Your goal → Below is a listing with pictures. Repeat exactly the lines starting at the one holding "2つ目に、上記のデザインQA" and going on through the one holding "Onion pink pure", and leave every picture out.

Information →
= Beginning of Section =
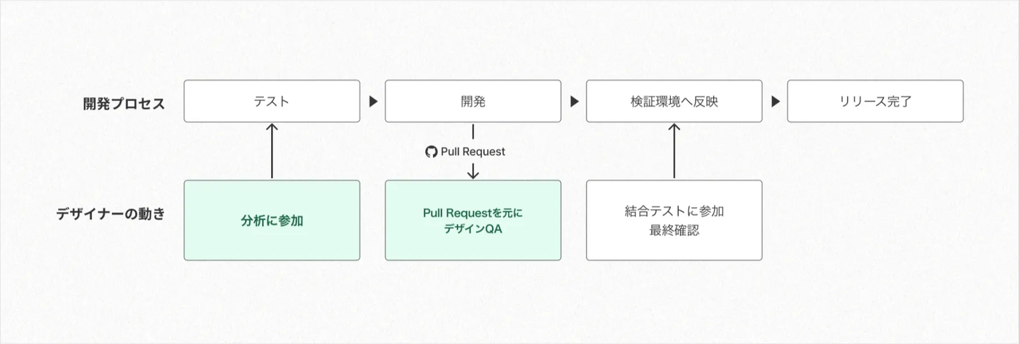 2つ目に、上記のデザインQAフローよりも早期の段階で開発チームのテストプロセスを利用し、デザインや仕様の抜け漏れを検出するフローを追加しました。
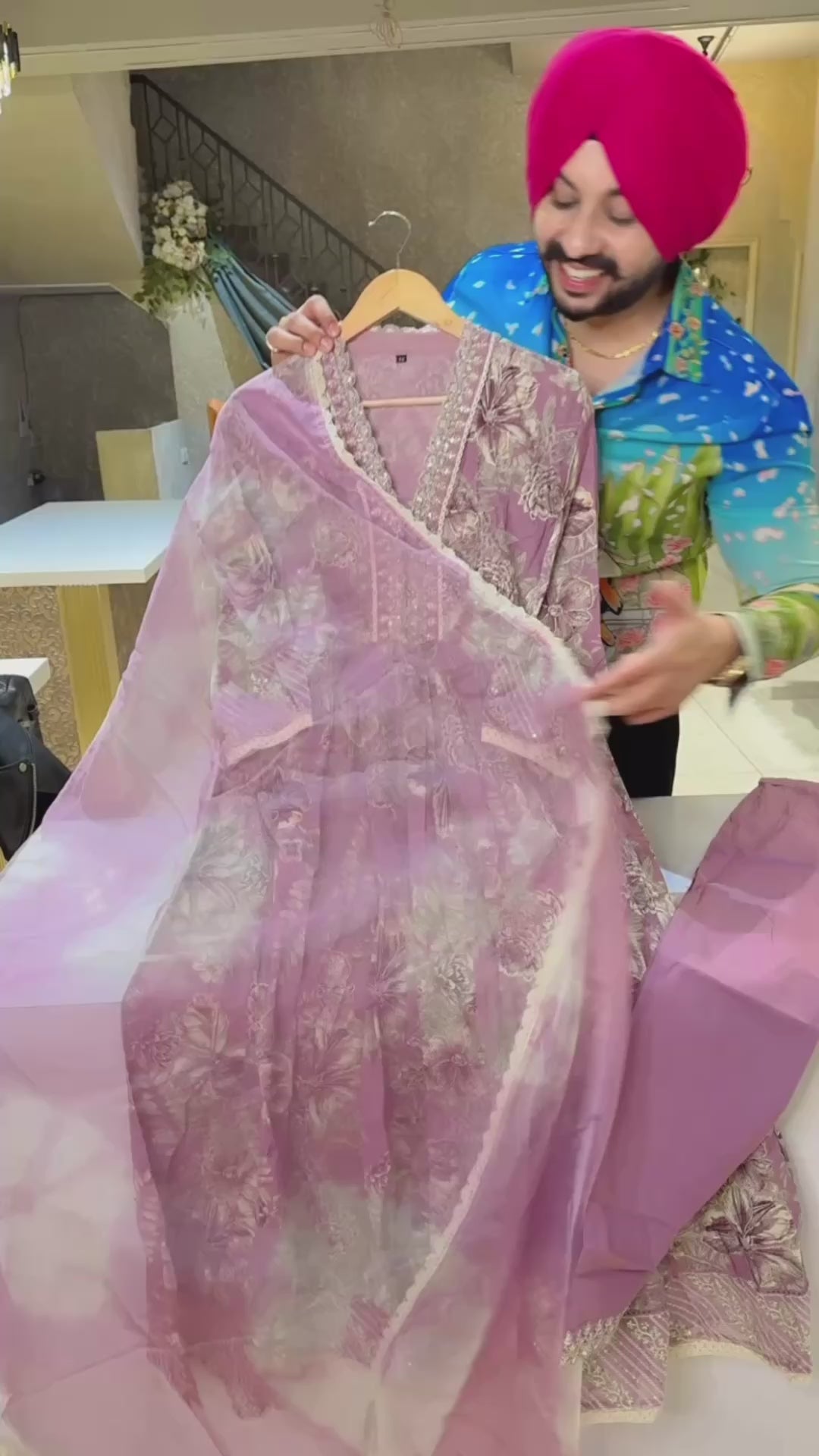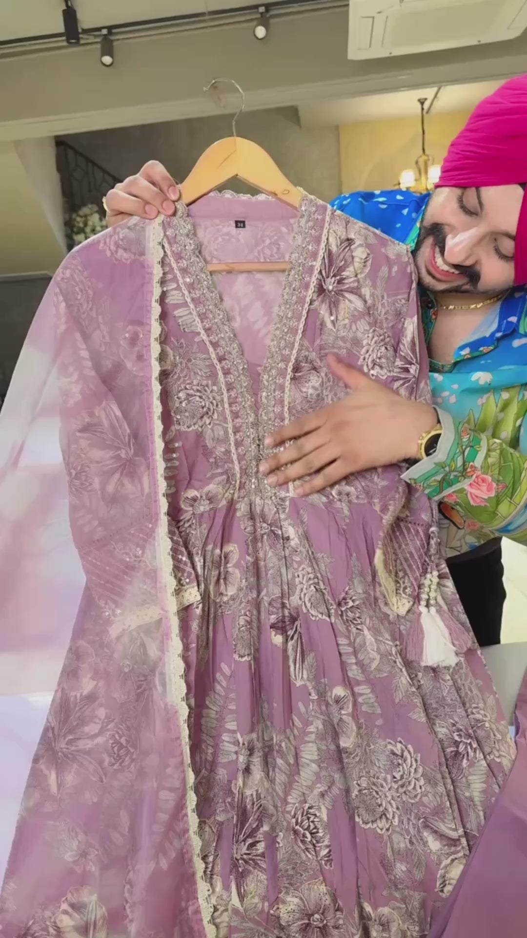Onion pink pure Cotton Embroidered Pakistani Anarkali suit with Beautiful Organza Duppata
= End of Section =
= Beginning of Section =
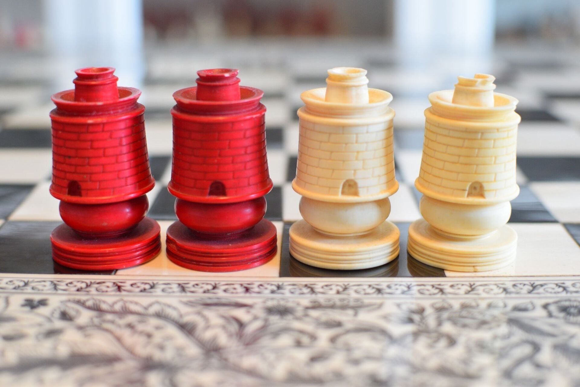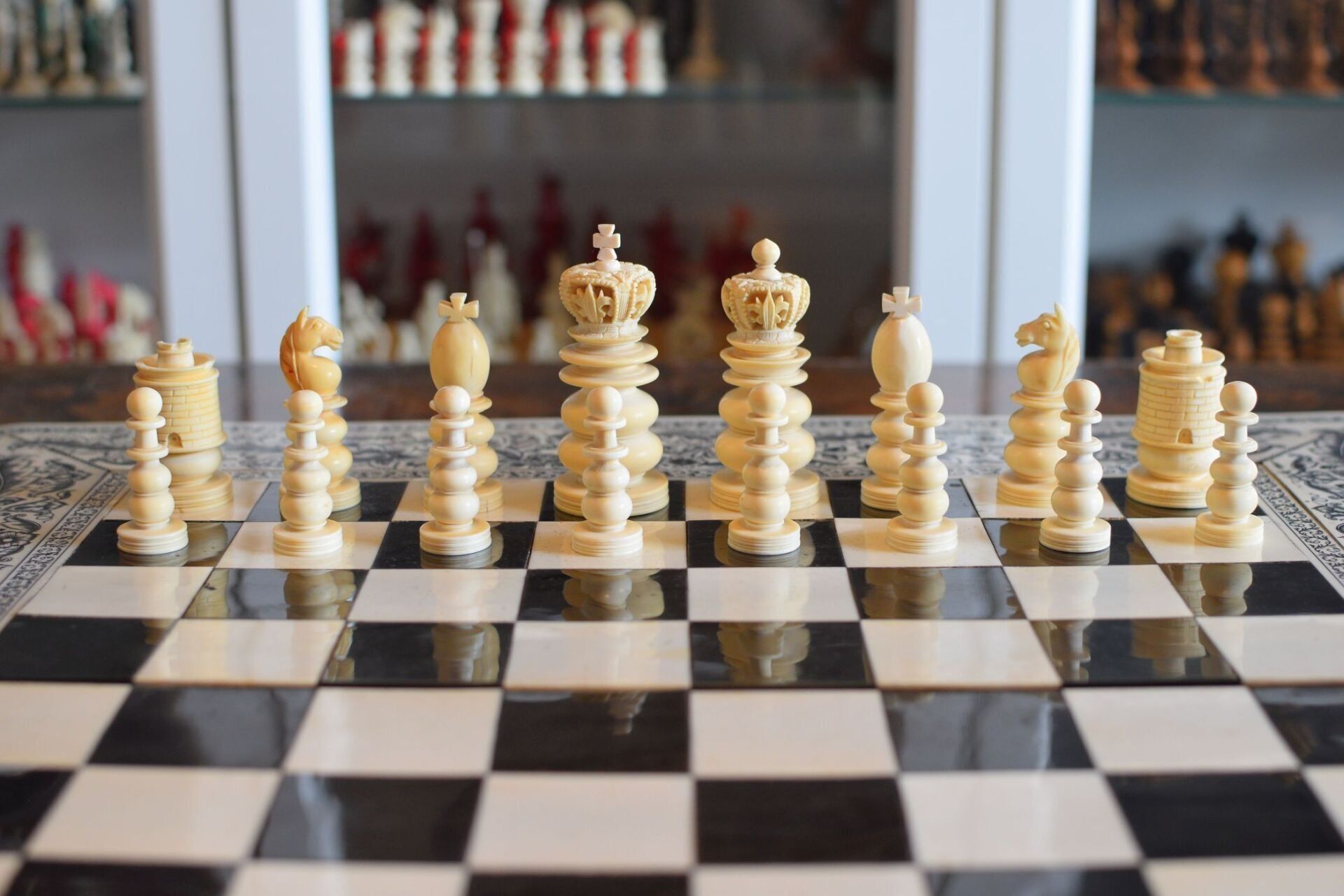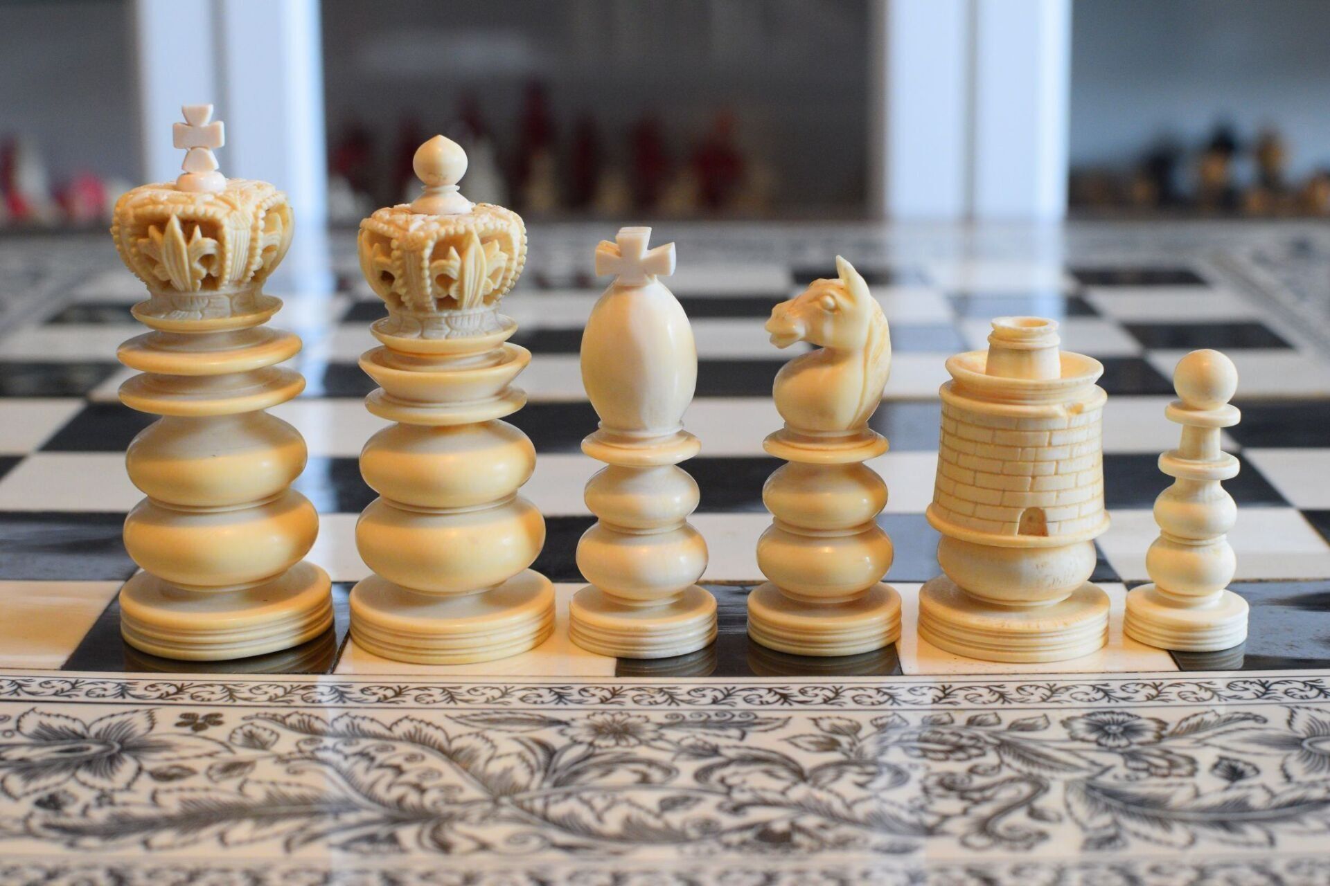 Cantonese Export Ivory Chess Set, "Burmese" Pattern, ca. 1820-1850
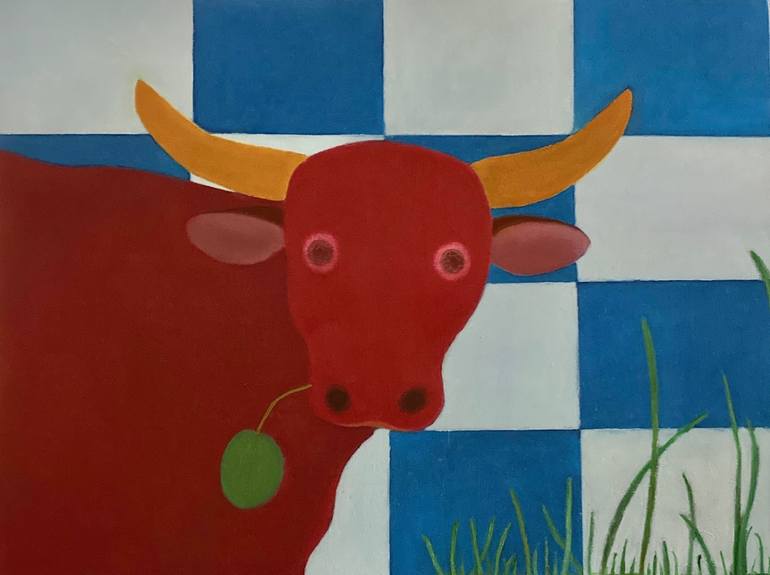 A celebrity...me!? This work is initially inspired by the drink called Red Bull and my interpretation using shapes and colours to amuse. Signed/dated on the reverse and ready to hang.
= End of Section =
Exercise solution →
 2つ目に、上記のデザインQAフローよりも早期の段階で開発チームのテストプロセスを利用し、デザインや仕様の抜け漏れを検出するフローを追加しました。
Onion pink pure Cotton Embroidered Pakistani Anarkali suit with Beautiful Organza Duppata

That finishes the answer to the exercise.